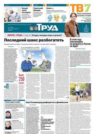 Одна из старейших общественно-политических газет (издается с февраля 1921 года). Корреспонденты «Труда» ежедневно рассказывают читателям о политике, культуре, спорте, экономике, жизни общества, самых интересных новостях дня и многом другом. Издание рассчитано на широкий круг читателей.
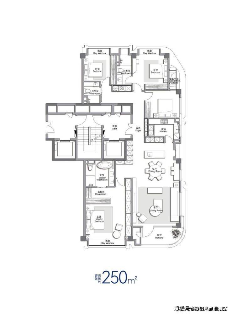 250㎡:内环内·小洋房·正四房;类一梯一户,功能性正四房,边套270度舒适采光,奢适5m+客厅/主卧,享受4000万以上级别的装标及社区品质;内环内稀缺洋房,类一梯一户设计,私密性好;客阳台一体,边套270°舒适采光;5m+奢华主卧套房,与其余居住区分离,尊享私密;储物空间充足;
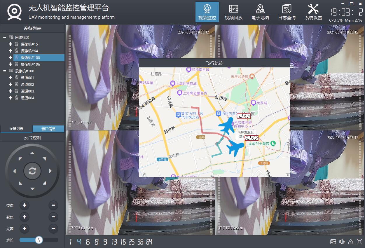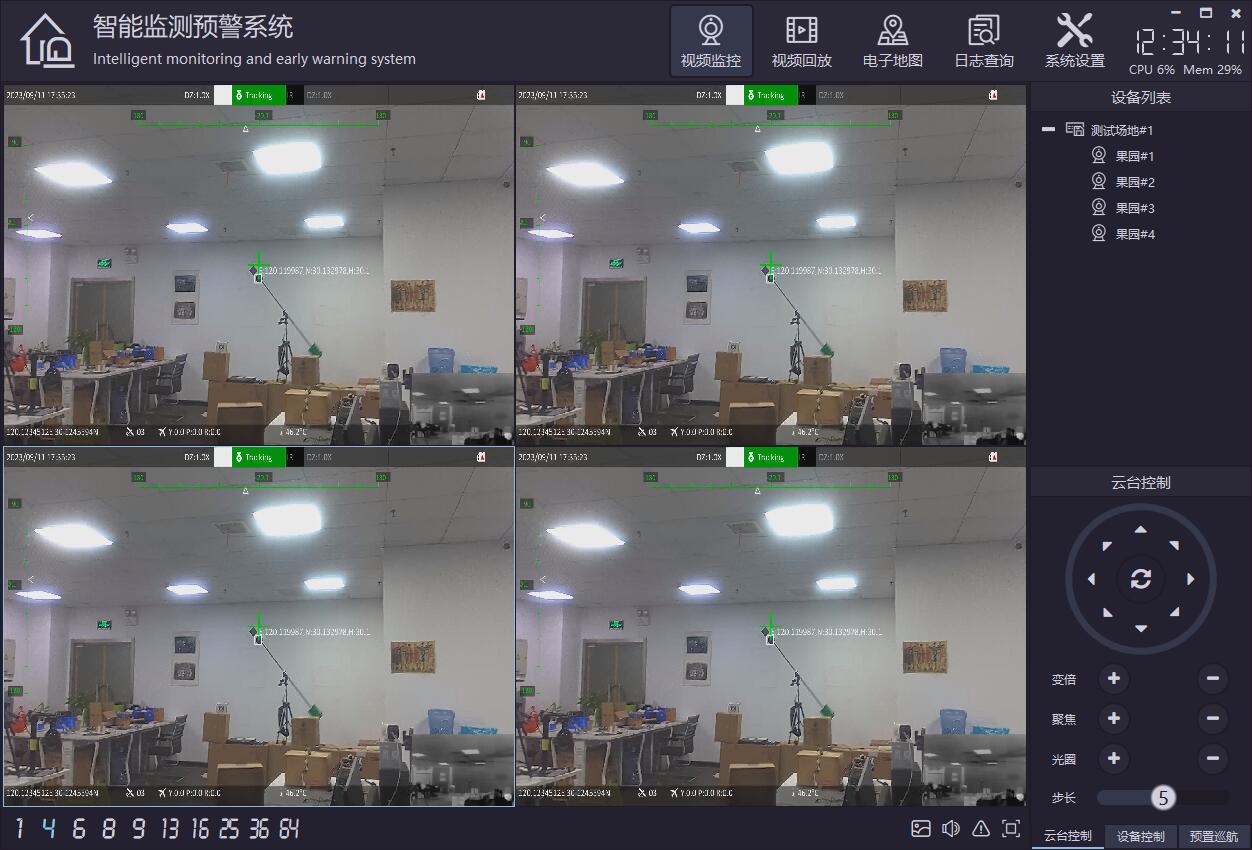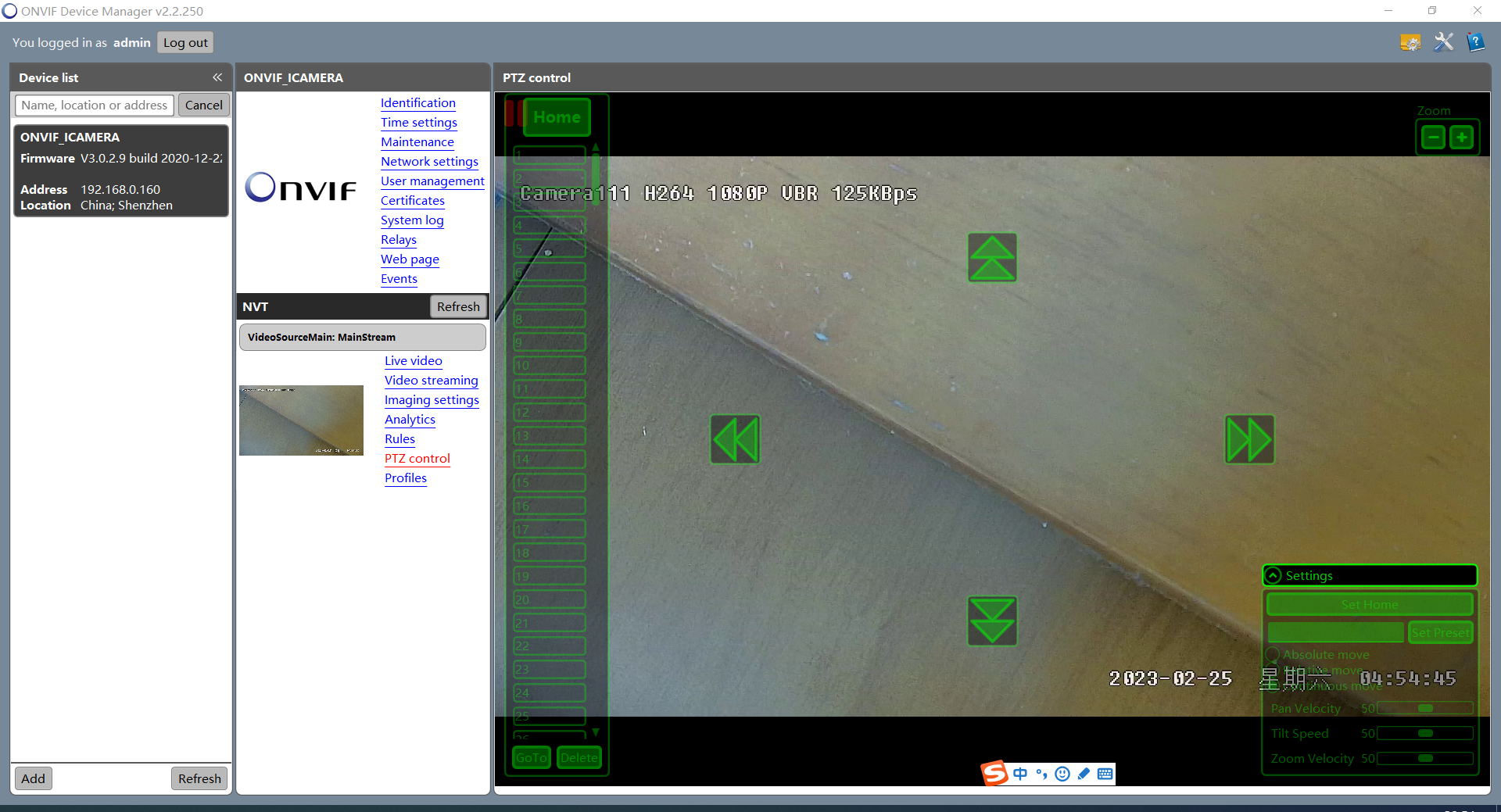 支持onvif云台控制,可上下左右移动云台摄像机,包括复位和焦距调整等。

ACTIVITY> A word-for-word repeat is expected of the lines from the one with "250㎡:内环内·小洋房·正" to the end of the data, both included; pictures are not part of it.

RESULT OF THIS TASK>
 250㎡:内环内·小洋房·正四房;类一梯一户,功能性正四房,边套270度舒适采光,奢适5m+客厅/主卧,享受4000万以上级别的装标及社区品质;内环内稀缺洋房,类一梯一户设计,私密性好;客阳台一体,边套270°舒适采光;5m+奢华主卧套房,与其余居住区分离,尊享私密;储物空间充足;
 支持onvif云台控制,可上下左右移动云台摄像机,包括复位和焦距调整等。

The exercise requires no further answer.